(Filed 17 May, 1916.)
Municipal Corporations — Negligence — Streets and Sidewalks — Trials — Evidence — Questions for Jury.
A city is required to keep its streets and sidewalks in a reasonably safe condition by continuous supervision, but it is not held to warrant them at all times to be absolutely safe; and while permitting a hole several inches deep left by the removal of a water meter by its own employees, about 16 or 18 inches in diameter, partly in the concrete sidewalk and partly on a grass plat within the curbing, to remain there for six months, affords evidence of actionable negligence for a personal injury thereby caused, it may not be declared negligence per se as a matter of law.

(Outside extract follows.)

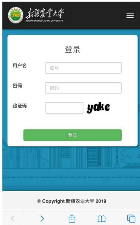
手机、平板电脑界面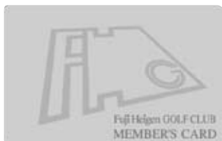
新デザインの チェックインカード

会員様のポイントカードは発行せず、会員カード(チェックインカード)によりポイント管理をいたします。従って会員カード(チェックインカード)をお持ちの会員様のみポイント付与となります。ポイントをご希望の会員様で、現在チェックインカードをお持ちでない会員様はフロントにチェックインカードのお申込みをお願いいたします(無料)

APPEAL by defendant from Carter, J., at February Term, 1916, of MECKLENBURG.
F. M. Redd and J. F. Newell for plaintiff.
Chase Brenizer for defendant.
This action is to recover damages for negligence. (541) The plaintiff, a lady about 62 years of age, while walking on a street in Charlotte, stepped into a hole in the sidewalk, with the result that her knee-cap was fractured and permanently injured.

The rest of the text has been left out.